BORED-er Crossing

Off and on for the past several years, some faction of my family has made a trek to San Miguel de Allende, Mexico to celebrate the holiday season.  This year, my brother Don and I planned to start the new year right by spending the month of January across the border in our “home away from home.”   Eager to outrun the dropping mercury, we narrowly escaped the sleet storm that hit Dallas on Christmas day, only to take a two day delay due to a little matter of a lost passport.  I am not mentioning any names, but it wasn’t mine.  😉

Mom: “Can I make you a sandwich?”

At 84 years young, our Mom still packs the best “sack lunch” going.  Don with his ice chest full of cervezas and I with my bag of Target Malbec (throw away the box, and you’ve got a portable Boda bag!)  were settled in for a long night.

The bus was late getting out of Dallas, and the eternal traffic hell that is I-35 through Austin only slowed us down more.  It would be 11:00pm before we finally rolled up to the US border, feeling like the only bus in town.  Until, that is, we hit the bridge.   The buses were backed up all the way across the Rio Grande, waiting to clear Mexico customs.

A Texas Truck Stop, fer shore!

What does one do while sitting on a bus for twenty-four hours?   Well, lemme tell ya, it can get pretty boring, pretty fast!   Once the sun goes down, there is little in the way of entertainment outside of tail lights and truck stops.

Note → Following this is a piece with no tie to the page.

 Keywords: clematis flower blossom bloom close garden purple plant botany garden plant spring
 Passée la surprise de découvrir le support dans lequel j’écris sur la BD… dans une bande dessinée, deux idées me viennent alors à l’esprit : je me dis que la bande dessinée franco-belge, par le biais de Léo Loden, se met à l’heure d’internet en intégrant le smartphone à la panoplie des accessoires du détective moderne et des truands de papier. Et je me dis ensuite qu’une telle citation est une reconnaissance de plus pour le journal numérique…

If you speak Spanish (and are hard of hearing!!) there is usually a Mexican movie.  There is always sleeping of course, if you are good at alternating butt cheeks.  And there is the alphabet of ipoding, from the Allman Brothers to ZZ Top.

My, how time flies with CHOCOLATE!

Or you can eat….and eat…..and eat again!

“Are you gonna finish that whole bag??”

Two hours into our four hour border crossing, a Mexican man in a baseball cap (our own “coyote”…hehe!)  boarded the bus and made the announcement that we could all pay ten bucks a person to try to bribe the customs officials to let us through the border more quickly.  This potentially meant not  having to disembark, drag all the bags off the bus, trudge single file through the luggage x-ray machine, play “Red Light Roulette” with their random stop light selection process where we, the unlucky tourists, get a “deep dive” through our contraband of imported cheeses.   Don and I laughed about this possibly being the most stupid investment of ten bucks we had ever made, but everyone else seemed to be ponying up.  Besides, what’s ten bucks when you are crossing the border with a hundred bucks worth of gourmet food items for our “foodie friends” on the other side?

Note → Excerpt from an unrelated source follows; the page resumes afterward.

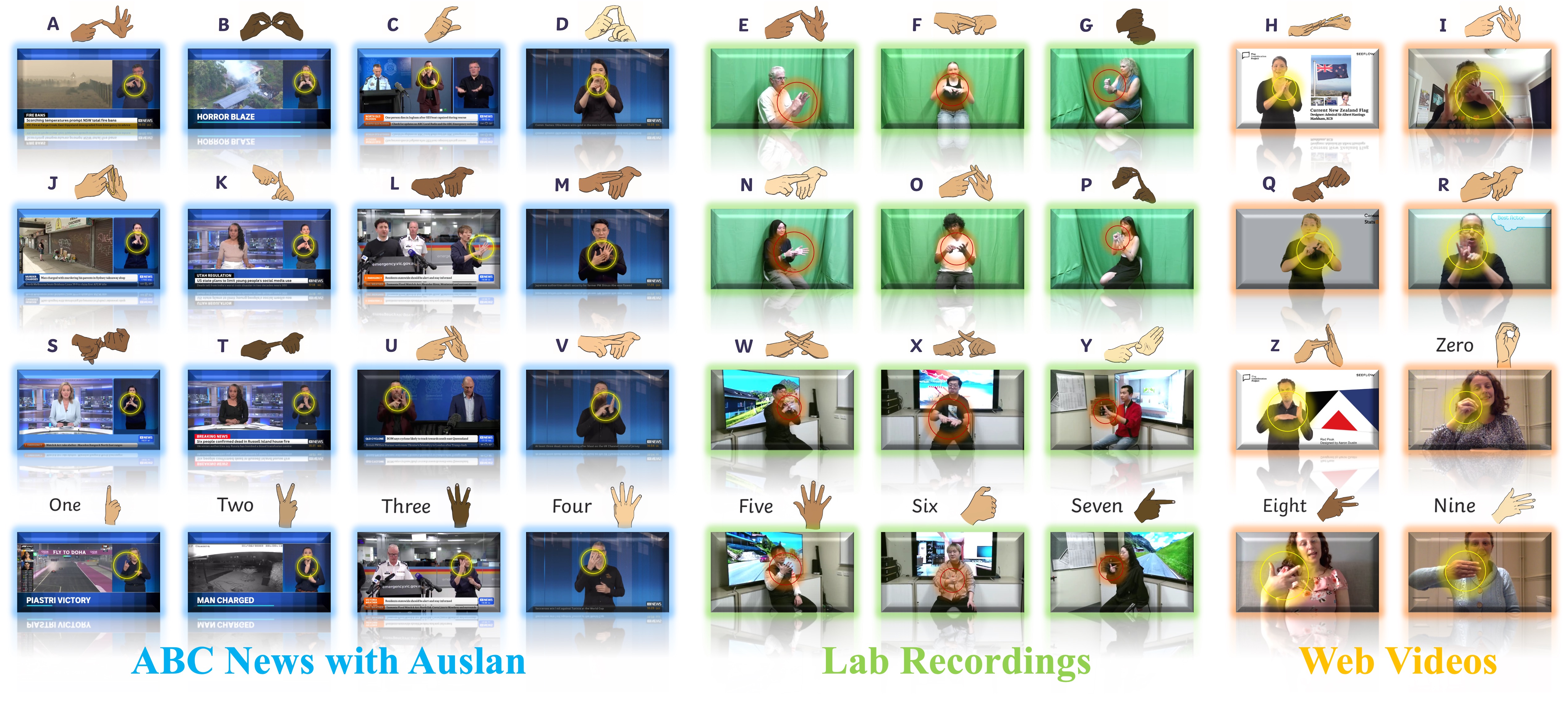 Collection. “ABC News with Auslan” and YouTube sources are open sources. Beginning in 2022, “ABC News with Auslan” has provided weekly broadcasts covering key domestic and international news events, as well as weather forecasts. It is an ongoing program, and previous work aligned 45 videos collected up to May 2023, along with a small number of fingerspelling annotations. In this work, we extend the collection by acquiring an additional 80 videos spanning from May 2023 to April 2025. These broadcasts feature live sign language translation (simultaneous interpretation) by Auslan experts, intended for deaf and hearing-impaired viewers. News content inherently includes a rich set of fingerspelling scenarios, such as personal names, place names, organization names, phone numbers, and other proper nouns, making it an ideal source for studying fingerspelling phenomena. To further diversify our dataset, we also include several high-quality publicly available documentaries and educational videos interpreted with BSL and NZSL, primarily sourced from YouTube. These videos typically feature daily conversations, learning activities, or introductions to specific topics.

Two hours and two bus lengths across the Rio Grande

Finally, as the fourth hour rolled around, it was our turn in the inspection bay.   They pulled a couple of people off the bus….one guy who was importing rice, and a couple of others for reasons we could not translate. But we soon heard the “woosh” of the closing bus door as we let out a simultaneous sigh of relief.   We were rolling out of the inspection bay without having to unload the entire bus!   It may have been our stack of ten dollar bills as a bribe.  It may have been the fact that Laredo was experiencing an unseasonable cold snap, and all the border guards were bundled up in hoods, hats, gloves, and mufflers, and didn’t want to come out of their cozy kiosk.  After twenty-four hours of bus-induced coma, it really didn’t really matter — we were just happy to be rolling again…

USA in our rear view mirror…

(All photos courtesy of mi hermano, Don Anthony)

2 thoughts on “BORED-er Crossing

  1. Well … just wow… I can’t believe they still do the bribe stuff. sigh

    I soooo envy you your relationship with your family. That is good stuff.